Cas looked at him a long moment, then kissed him. He could tell it was awkward, didn't quite know where the nose went and wasn't sure if it was too hard or not hard enough and Dean's eyes were wide and wild as he drew back. "The world didn't end. I wasn't sure."

"Okay. Very few things surprise me any more? There, you kind of took me by surprise."

"I don't...I won't do it again." He flushed, humiliated.

Dean caught at him as he made to pull away. "Hey, don't. I said surprised, not offended. Wanna tell me where that came from?"

"You're beautiful," he said, cheeks burning. "And I wanted to."

"I thought that was a big sin. Which, I mean, you know how much I care about that, but for you this is usually a bigger problem."

Cas looked back over the water. "I don't know what I believe. All I know is, I've seen so many terrible things, how can this be wrong? How can wanting to give pleasure and comfort and caring be wrong? If God didn't bestir Himself to care for the innocents who died to try and get His attention, why would He care about this? And if He does--I've walked away once before. It can only be easier the second time. I haven't really gone back, you know. I'm there because there's need, and I can help it, because I can try to prevent what happened from happening again. Not for His glory - but because it's right."

Dean's lips twisted. "An atheist angel. Guess I did something right with you."

"You did," Cas said earnestly. "You made me see that faith isn't something you have, it's something you do. It's something you are. You have faith, keep faith, with your every breath, even when it's killing you." His voice broke a little bit. "I know, Dean. I know."

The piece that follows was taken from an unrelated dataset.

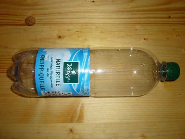 Buscas una botella que tiene una forma cilíndrica con una tapa redonda. Si te encuentras en Alemania, puede buscar la marca "Kneipp".

"Is it faith or just going through the motions?" Dean's voice wavered. "I'm afraid, Cas. I'm afraid of Hell, I'm afraid of being lost in the black. I'm afraid of spending the rest of forever without my brother and this is the only thing I can do to hang onto him..."

Cas wrapped him up hard. "If you fell I'd pull you right out again," he said angrily. "I've done that before too, if you'll remember."

"Left a handprint, it's pretty hard to forget," he said dryly. "Lisa asked me what it was, once. I told her it was a reminder that someone up there was keeping an eye on me."

"It is," he said as Dean rested his head against his shoulder. "It is."

Dean sighed after a few moments, lifted his head. "You didn't do a bad job for never having done it before. Let's try it again." He took Cas' face between his hands and tipped his head a little, kissed him slow and soft, almost chaste. Cas felt his heart hammering in his chest, wonder and disbelief and discovery lighting like a star inside him. He couldn't sighing as Dean broke the kiss, eyes dark and dreaming. "Been a while since I've done that. You taste like cinnamon."

Cas smiled with flustered pleasure. "Which one's cinnamon?"

Dean smiled at him, eyes crinkling, something not quite happiness but maybe a little closer to it than he'd seen in a long time. "Come on. It's cold out here. We'll get coffee and I'll show you."